*** DATA SEGMENT

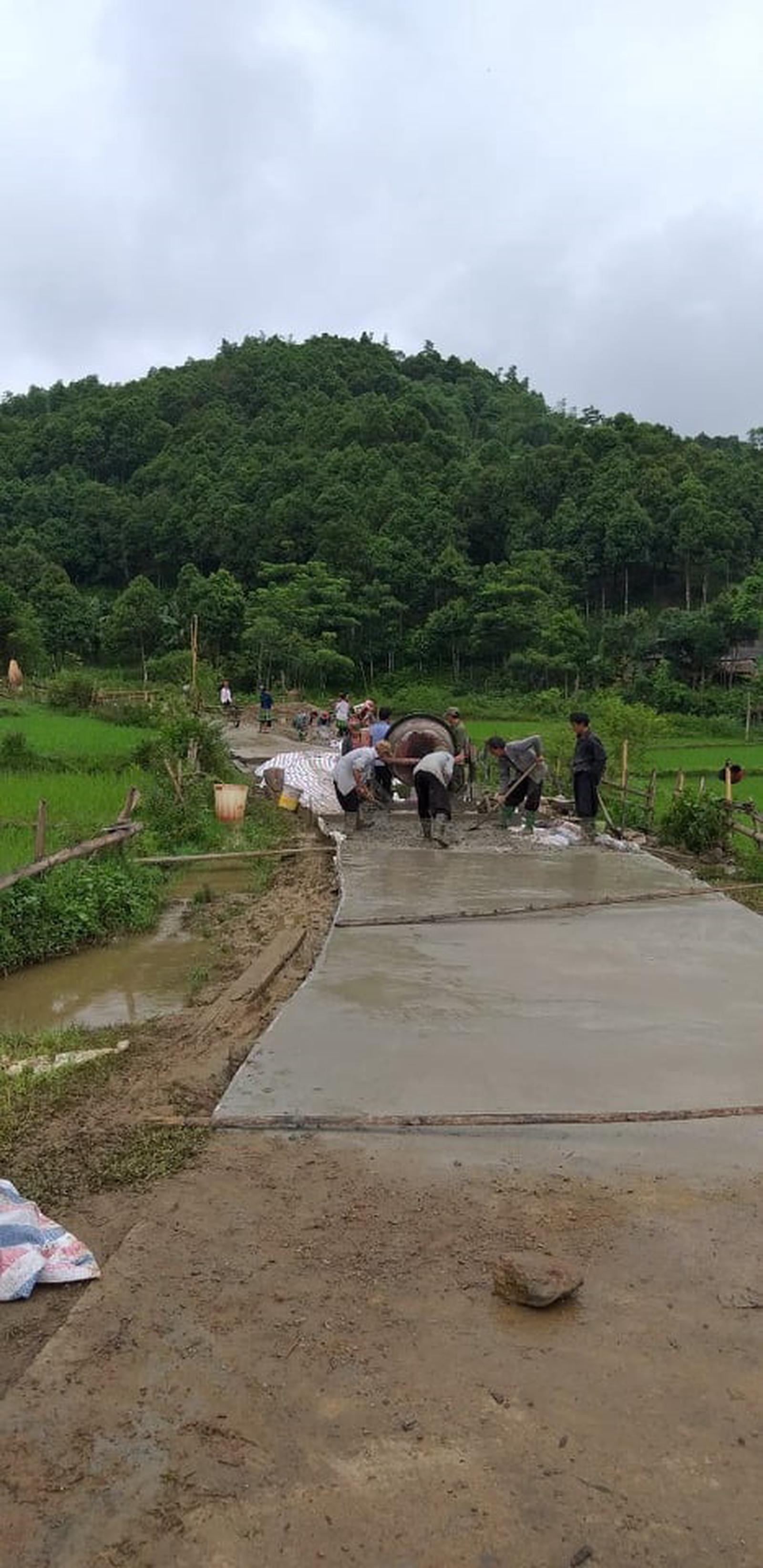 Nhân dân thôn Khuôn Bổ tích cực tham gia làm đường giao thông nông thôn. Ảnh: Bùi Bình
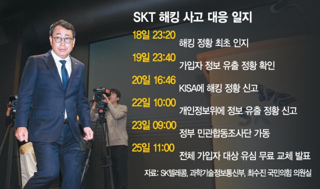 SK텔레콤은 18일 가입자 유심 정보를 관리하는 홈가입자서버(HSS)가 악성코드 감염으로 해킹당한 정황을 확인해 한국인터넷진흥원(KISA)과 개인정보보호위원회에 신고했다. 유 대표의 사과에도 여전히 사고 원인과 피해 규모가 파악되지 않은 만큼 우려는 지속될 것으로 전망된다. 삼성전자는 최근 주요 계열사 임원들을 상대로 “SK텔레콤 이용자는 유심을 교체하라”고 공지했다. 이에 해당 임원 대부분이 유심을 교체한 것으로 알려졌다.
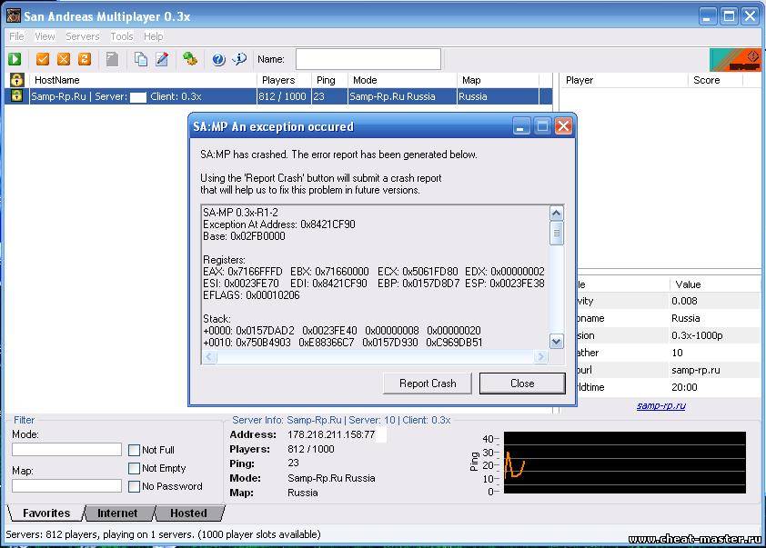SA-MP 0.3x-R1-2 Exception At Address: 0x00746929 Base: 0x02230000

******

▸ **ABOUT THIS EXERCISE**
The expected output is the material above, repeated exactly and free of pictures.

▸ **ANSWER TO THIS EXERCISE**
 Nhân dân thôn Khuôn Bổ tích cực tham gia làm đường giao thông nông thôn. Ảnh: Bùi Bình
 SK텔레콤은 18일 가입자 유심 정보를 관리하는 홈가입자서버(HSS)가 악성코드 감염으로 해킹당한 정황을 확인해 한국인터넷진흥원(KISA)과 개인정보보호위원회에 신고했다. 유 대표의 사과에도 여전히 사고 원인과 피해 규모가 파악되지 않은 만큼 우려는 지속될 것으로 전망된다. 삼성전자는 최근 주요 계열사 임원들을 상대로 “SK텔레콤 이용자는 유심을 교체하라”고 공지했다. 이에 해당 임원 대부분이 유심을 교체한 것으로 알려졌다.
SA-MP 0.3x-R1-2 Exception At Address: 0x00746929 Base: 0x02230000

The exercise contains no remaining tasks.